— Input material —
————

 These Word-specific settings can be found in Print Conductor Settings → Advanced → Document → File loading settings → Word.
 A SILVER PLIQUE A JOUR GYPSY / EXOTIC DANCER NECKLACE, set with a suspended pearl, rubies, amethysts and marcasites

————

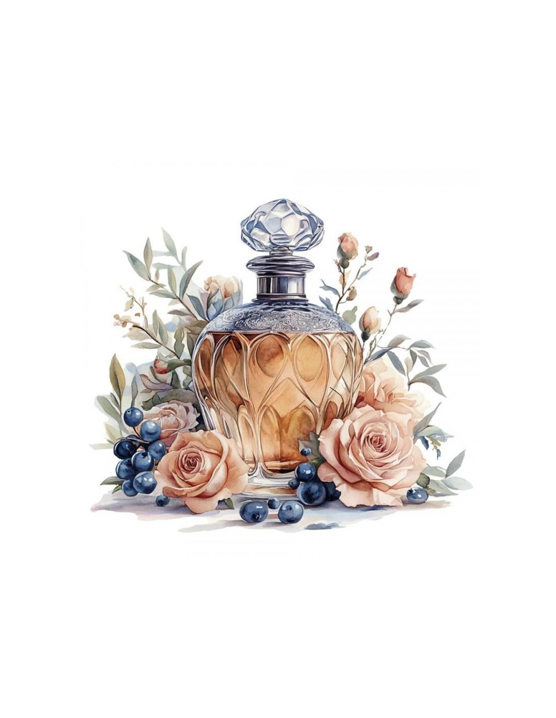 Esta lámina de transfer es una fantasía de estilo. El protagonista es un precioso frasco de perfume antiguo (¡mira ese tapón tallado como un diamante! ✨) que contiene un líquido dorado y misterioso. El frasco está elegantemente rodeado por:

————

— What is being asked —
From the entries above, return exactly the line containing "These Word-specific settings", the line containing "A SILVER PLIQUE", and all lines between, and nothing else.

— Answer —
 These Word-specific settings can be found in Print Conductor Settings → Advanced → Document → File loading settings → Word.
 A SILVER PLIQUE A JOUR GYPSY / EXOTIC DANCER NECKLACE, set with a suspended pearl, rubies, amethysts and marcasites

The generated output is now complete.